## Entries shown
---------------

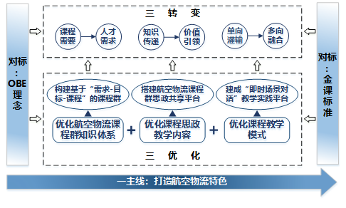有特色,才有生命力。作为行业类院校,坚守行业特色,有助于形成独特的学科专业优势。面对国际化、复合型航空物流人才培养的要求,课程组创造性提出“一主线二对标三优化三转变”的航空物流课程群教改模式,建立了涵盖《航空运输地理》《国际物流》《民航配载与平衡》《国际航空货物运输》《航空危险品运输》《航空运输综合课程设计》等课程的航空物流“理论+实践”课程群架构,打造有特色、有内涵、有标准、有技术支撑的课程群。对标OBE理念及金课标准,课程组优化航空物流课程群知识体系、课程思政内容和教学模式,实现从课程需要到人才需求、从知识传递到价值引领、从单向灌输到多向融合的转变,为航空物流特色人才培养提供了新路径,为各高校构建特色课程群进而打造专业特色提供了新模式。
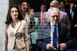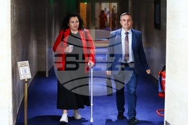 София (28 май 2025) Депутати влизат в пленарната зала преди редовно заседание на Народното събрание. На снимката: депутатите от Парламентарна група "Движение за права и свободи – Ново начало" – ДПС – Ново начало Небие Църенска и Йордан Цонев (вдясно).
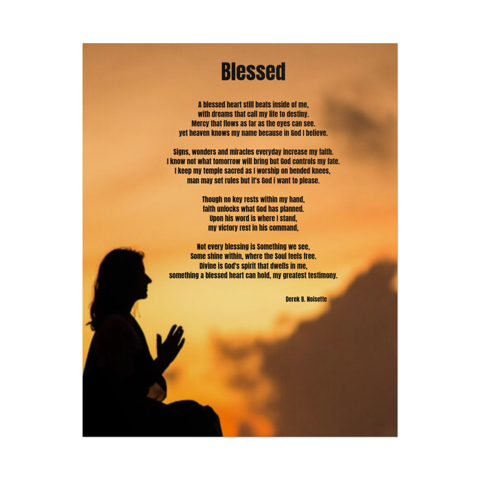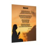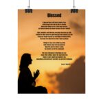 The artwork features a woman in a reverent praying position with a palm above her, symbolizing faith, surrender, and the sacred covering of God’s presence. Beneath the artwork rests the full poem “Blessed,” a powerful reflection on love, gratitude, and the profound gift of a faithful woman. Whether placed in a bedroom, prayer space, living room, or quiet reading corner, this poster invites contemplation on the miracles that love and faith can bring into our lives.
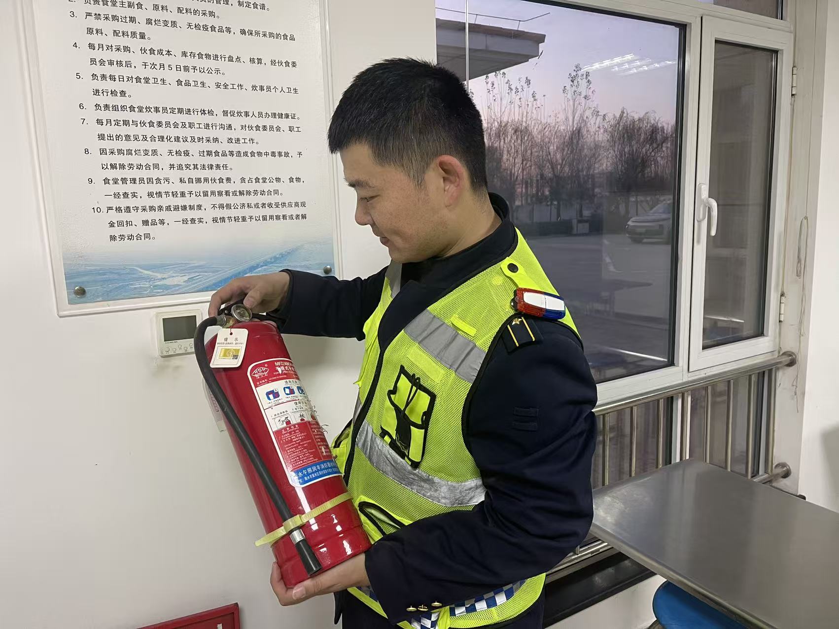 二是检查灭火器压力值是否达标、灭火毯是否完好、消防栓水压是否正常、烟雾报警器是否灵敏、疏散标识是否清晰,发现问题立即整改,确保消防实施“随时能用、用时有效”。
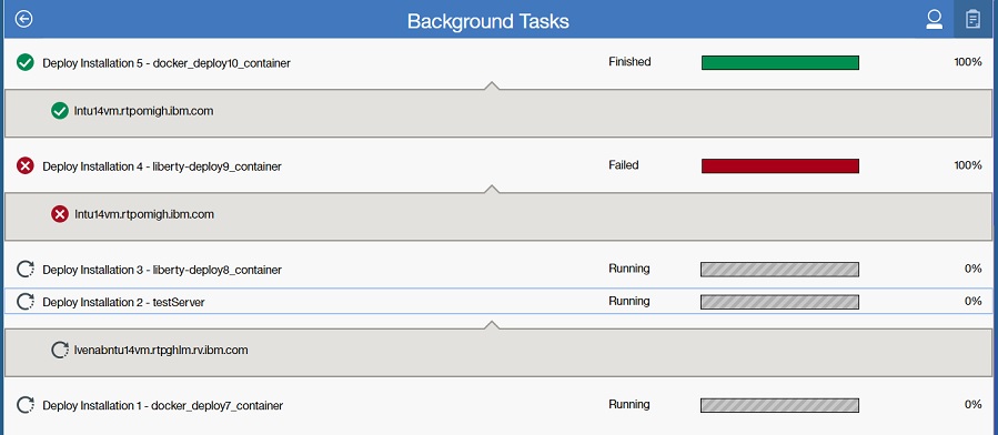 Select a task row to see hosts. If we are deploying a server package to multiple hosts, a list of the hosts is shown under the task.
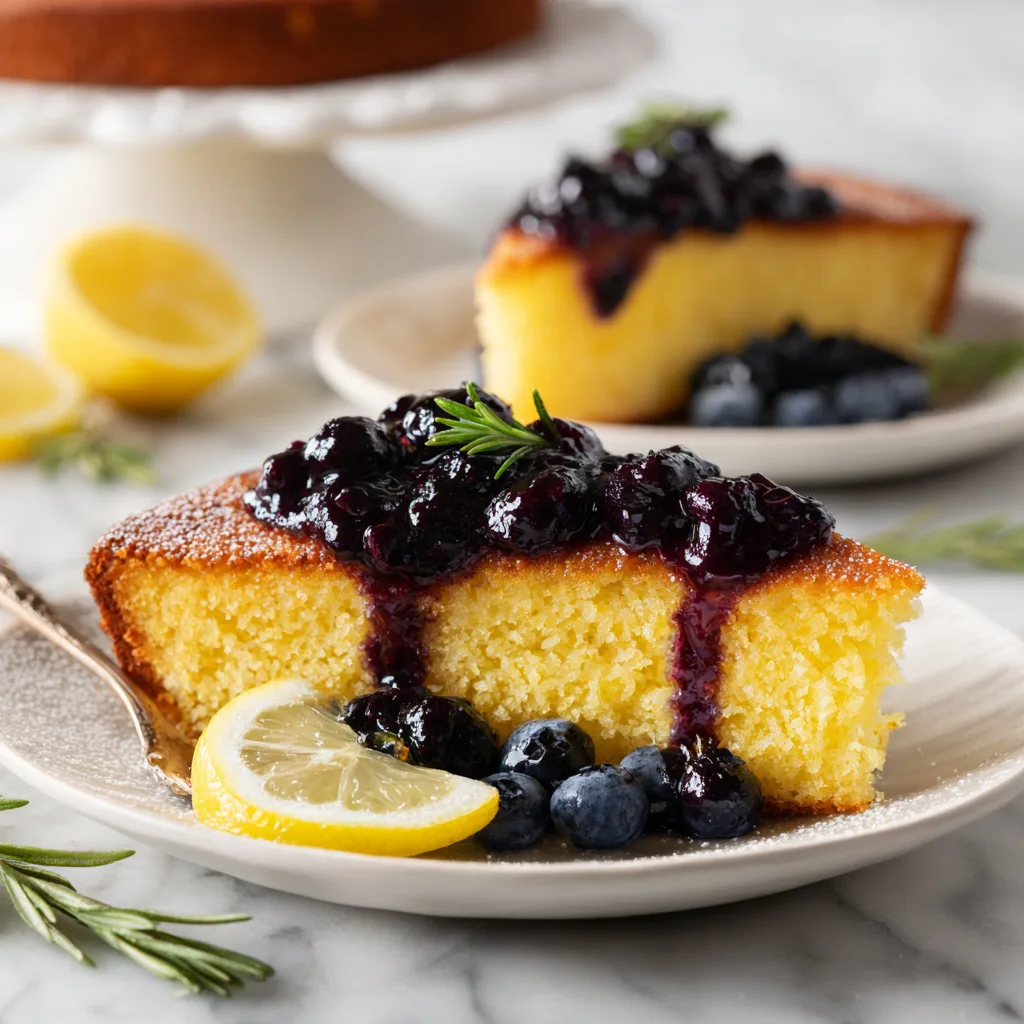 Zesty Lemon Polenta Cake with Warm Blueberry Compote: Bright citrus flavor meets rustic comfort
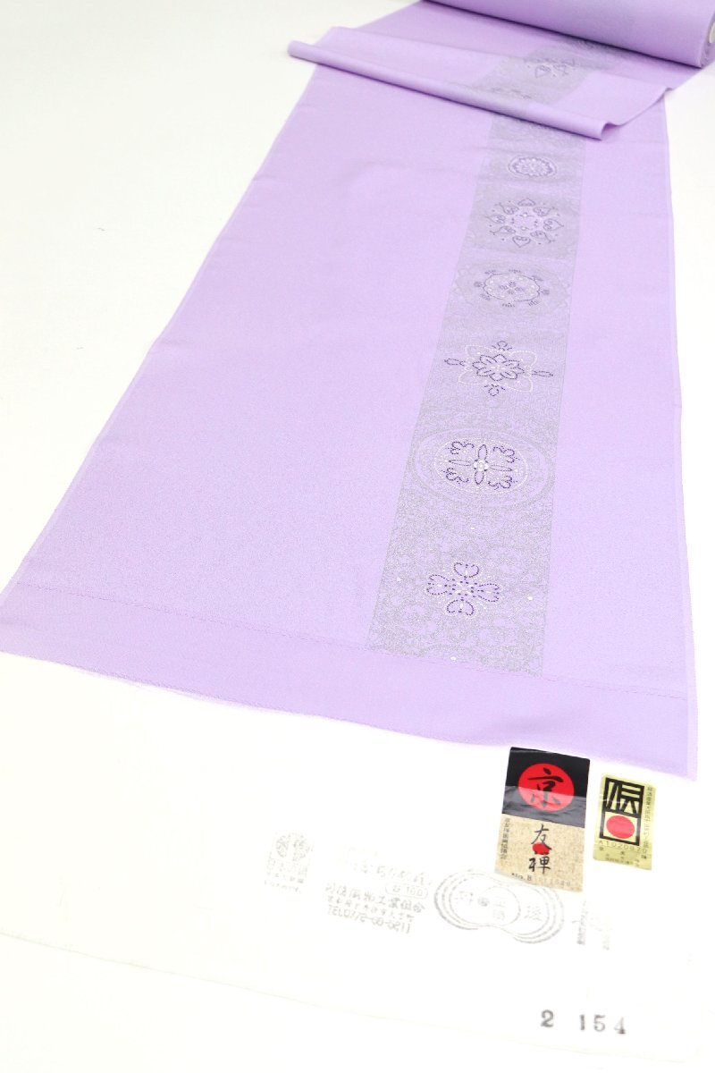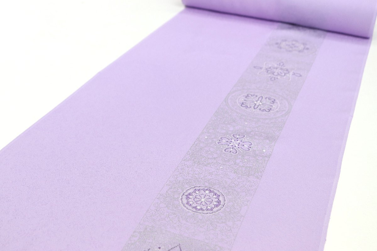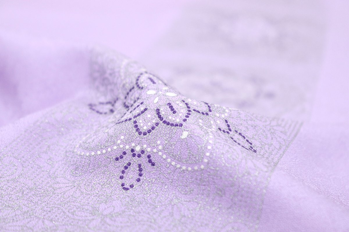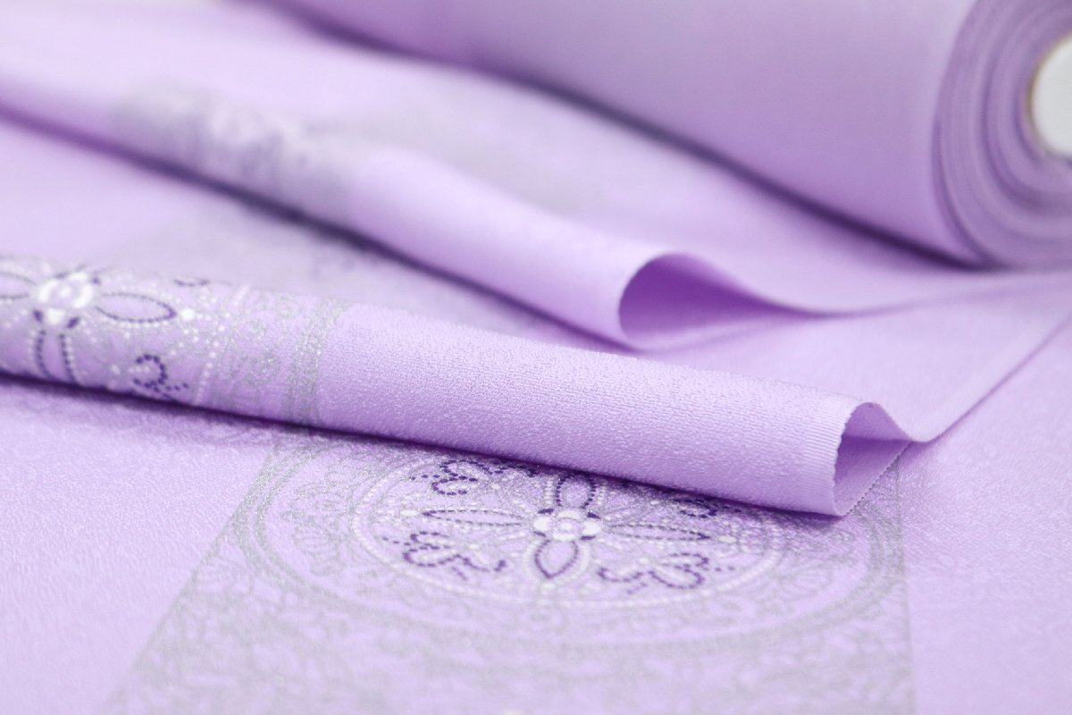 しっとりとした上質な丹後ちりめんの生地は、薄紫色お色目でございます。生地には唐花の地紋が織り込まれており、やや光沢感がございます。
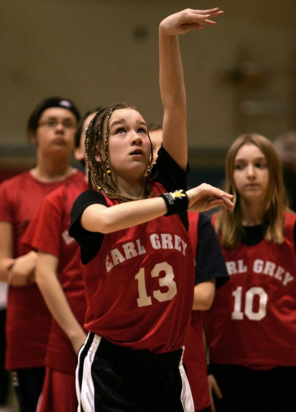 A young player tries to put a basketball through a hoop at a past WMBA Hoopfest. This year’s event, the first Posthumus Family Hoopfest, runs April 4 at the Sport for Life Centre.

---------------

## Work order
Repeat the data exactly in full, omitting its pictures.

## Written answer
有特色,才有生命力。作为行业类院校,坚守行业特色,有助于形成独特的学科专业优势。面对国际化、复合型航空物流人才培养的要求,课程组创造性提出“一主线二对标三优化三转变”的航空物流课程群教改模式,建立了涵盖《航空运输地理》《国际物流》《民航配载与平衡》《国际航空货物运输》《航空危险品运输》《航空运输综合课程设计》等课程的航空物流“理论+实践”课程群架构,打造有特色、有内涵、有标准、有技术支撑的课程群。对标OBE理念及金课标准,课程组优化航空物流课程群知识体系、课程思政内容和教学模式,实现从课程需要到人才需求、从知识传递到价值引领、从单向灌输到多向融合的转变,为航空物流特色人才培养提供了新路径,为各高校构建特色课程群进而打造专业特色提供了新模式。
 София (28 май 2025) Депутати влизат в пленарната зала преди редовно заседание на Народното събрание. На снимката: депутатите от Парламентарна група "Движение за права и свободи – Ново начало" – ДПС – Ново начало Небие Църенска и Йордан Цонев (вдясно).
 The artwork features a woman in a reverent praying position with a palm above her, symbolizing faith, surrender, and the sacred covering of God’s presence. Beneath the artwork rests the full poem “Blessed,” a powerful reflection on love, gratitude, and the profound gift of a faithful woman. Whether placed in a bedroom, prayer space, living room, or quiet reading corner, this poster invites contemplation on the miracles that love and faith can bring into our lives.
 二是检查灭火器压力值是否达标、灭火毯是否完好、消防栓水压是否正常、烟雾报警器是否灵敏、疏散标识是否清晰,发现问题立即整改,确保消防实施“随时能用、用时有效”。
 Select a task row to see hosts. If we are deploying a server package to multiple hosts, a list of the hosts is shown under the task.
 Zesty Lemon Polenta Cake with Warm Blueberry Compote: Bright citrus flavor meets rustic comfort
 しっとりとした上質な丹後ちりめんの生地は、薄紫色お色目でございます。生地には唐花の地紋が織り込まれており、やや光沢感がございます。
 A young player tries to put a basketball through a hoop at a past WMBA Hoopfest. This year’s event, the first Posthumus Family Hoopfest, runs April 4 at the Sport for Life Centre.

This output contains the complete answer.